My recommendation is a Master's degree if you really want to stay in tech.
About whether these trends that we see in the graphs are something real or just a data issue like seasonality or a problem with the data sources, I think we will soon know from the mainstream media. As always the time will tell.
1) What is your source? - the slides only state it's the biggest platform. 2) How do you compensate, that your dataset only represents x% of the real offers? 3) If you think you have a reasonable share of the job offers, how do you justify this assumption?
These are the main questions, that I would ask if you tell me to use it as business information - all the technical stuff is secondary. But there are more:
4) How do you compensate a change in recruitment strategy? You are just looking at one platform. 5) What makes you sure, that every item in your dataset is interpreted correctly? Can you somehow make sure, that your parsing and reformating is always correct? Can you verify that? Can you detect if not? 6) Can you detect a change on the website itself, e.g. new categories, differences in job description?
Also my experience is different, with getting a ton of job offers currently, directly via business network, I'm willing to look at a statistics based bigger picture that changes my mind. But the interpretation and the harsh change, together with these open questions make me believe that you more likely have a technical problem. So my advise would be, spend a lot more slides on the data and not the acquisition, because all acquisition effort is useless if you can not verify your data and results.
Is there some German/EU law that requires job postings to be available for at minimum one calendar month? Cause that spike at ~30-31 days is real conspicuous.
Or at HR people just defaulting to 30/60/90 days for the posting being automatically removed?
That means that the crash probably started in October and we started seeing it on the data at the beginning of November.
I guess a large majority of those postings go unfilled.
Do you do any work to try to find if a position has been re-posted and recombine it with its previous posting for the purpose of this calculation?
I say that since they seem to remove them (presumably because they got enough applicants or actually hired someone) before the 30/31 day mark.
> the major job offer portal in Germany for over one year
I hope that's Linkedin. Because if it's another site like Monster, StepStone or similars, I'm afraid the data is probably garbage. I don't know a single engineer in Germany who uses anything but Linkedin (well, many engineers use niche job boards like remoteok, or directly use the company's career section... but no single one uses Monster/StepStone/Glassdoor, because they are total crap)
Edit: the data source seems to be stepstone.de. That's unfortunate. Is there any chance to run this against Linkedin for 2023? That would be awesome!
(https://github.com/petracarrion/job-market-analytics/commit/...)
That being said, with the data you have available here, you can’t conclude anything at all - you would need several years of data to rule out seasonalities, and also take into account some external factors influencing it.
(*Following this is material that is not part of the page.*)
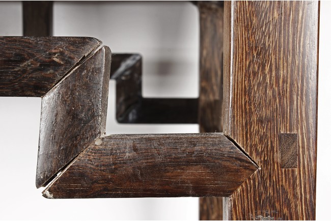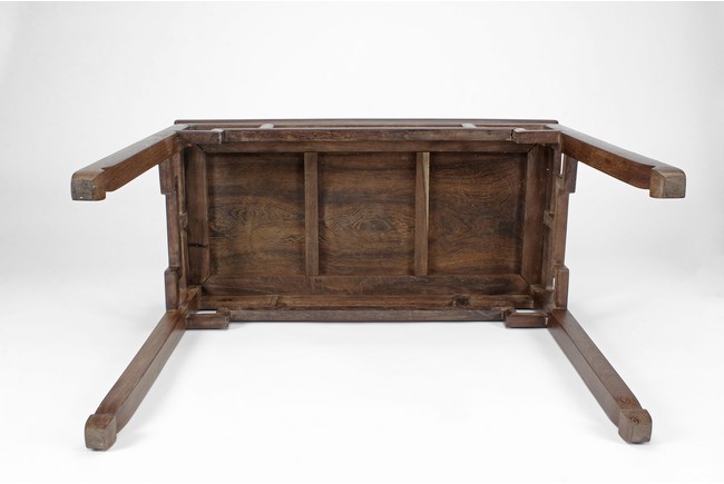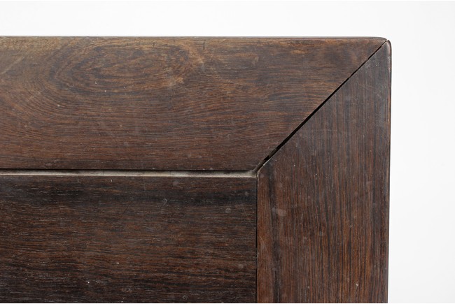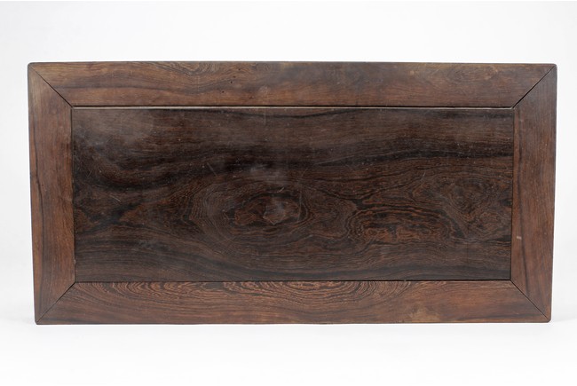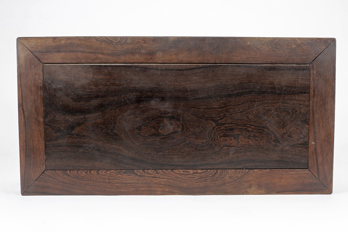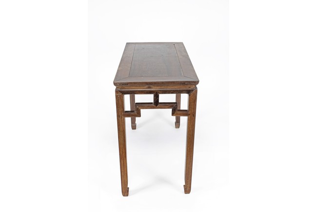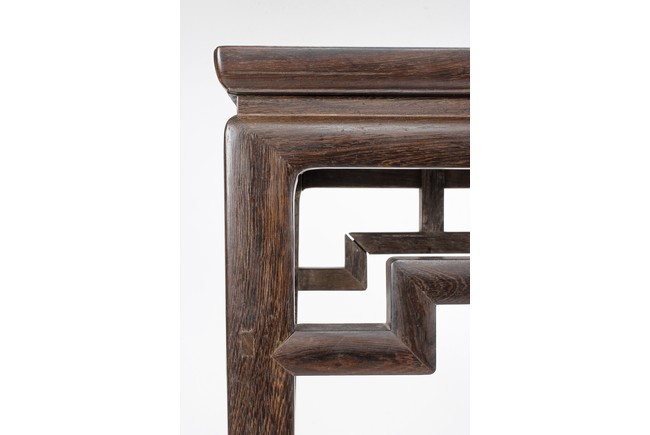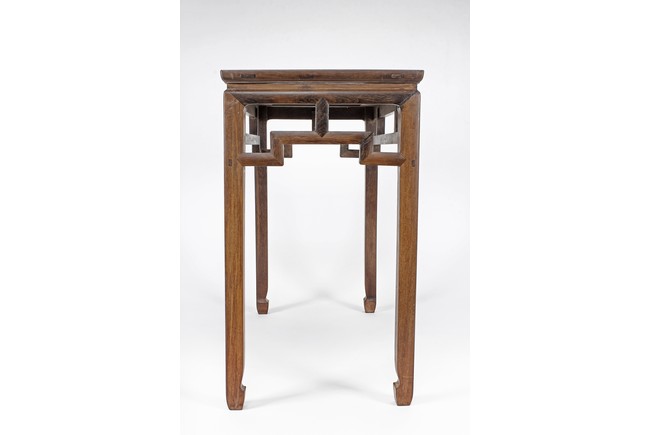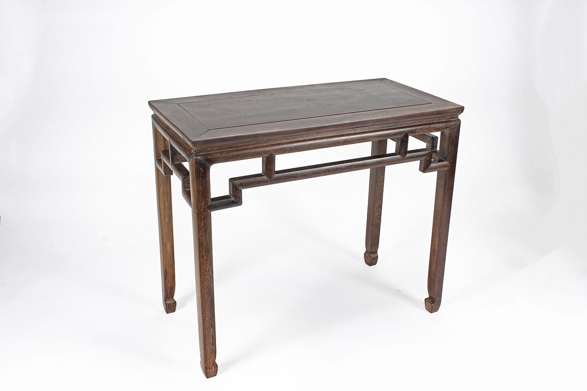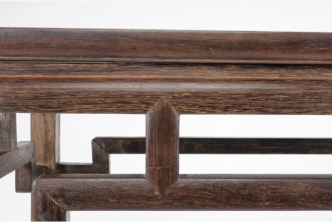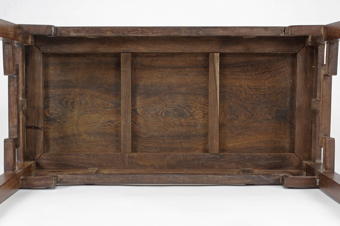 The rectangular top panel is set above a simple lattice pattern apron, the corner legs flush at right angles and are of rectangular section and end in roof feet. Qing Dynasty period.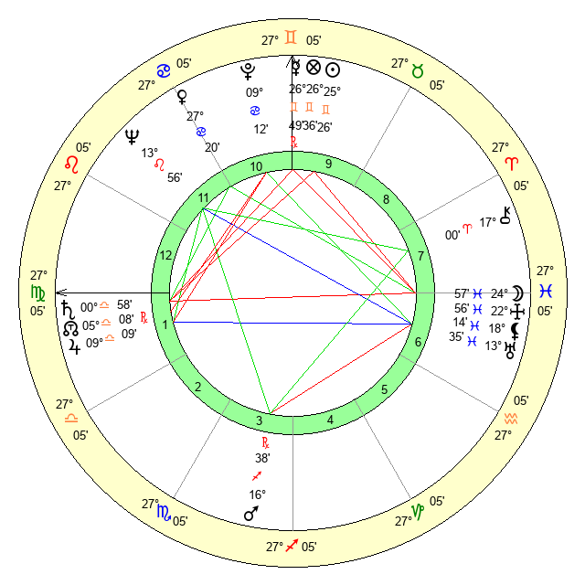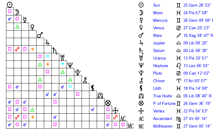 | Sun | 25 Gemini 27 | 26 Gemini 31 | 4 Libra 32 |

Ps. Are you sure you’re not using something like rolling average and you just don’t have the data points (if it’s centered around current date) ?
That's the point of time series -- you need to accumulate them over long periods of time and then you start processing them to understand them better to see if they are leading/contemporary/trailing predictors of what you really care about -- in this case, the tech job market.